Upstream of the xptA to -C genes were the potential insect toxin genes xptD1 and xptE1 and a second exochitinase gene, chi2 (Fig. 4). Further upstream of this was a region of DNA that when translated showed homology to a peptide synthetase fragment and associated ATP binding cassette (ABC transporter) gene, homologues of which have been postulated to pump out peptide antibiotics from the cell (16). Beyond this were the core chromosomal genes fadR, nhaB, and dsbB, suggesting that this marked the right-hand junction (RHJ) of the PAI. The region containing the xpt genes and chitinase genes appeared, by PCR analysis, to be conserved in all seven X. nematophila strains, but small rearrangements or point mutations could not be discounted. Other regions, however, showed differences; at the RHJ, strain 0014 contained an approximately 500-bp deletion around the start of the helicase gene, and PMFI296 contained a region not present in the other strains, which was associated with a tnpA-like transposon. Deletions of parts of the peptide synthetase gene had occurred in both the 9965 and PMFI296/0014 strains (Fig. 4).
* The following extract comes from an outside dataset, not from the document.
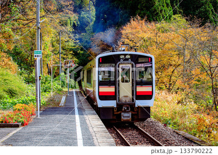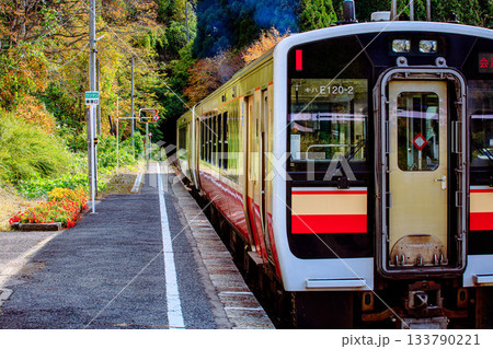 只見線 秋の早戸駅を出発する列車(福島県三島町、11月上旬午後)

Comparison of this region with that of X. bovienii showed that the homology with X. nematophila extended beyond that of the core chromosomal and tRNA genes and extended into the PAI integrase and helicase genes (Fig. 5). Downstream of this in X. bovienii were phage-like genes, in contrast to the xpt-like genes in X. nematophila. Thus, a possible explanation may be that a phage-like structure was first inserted into this region in a common ancestor and that in X. nematophila, the phage genes were replaced by xpt-like genes.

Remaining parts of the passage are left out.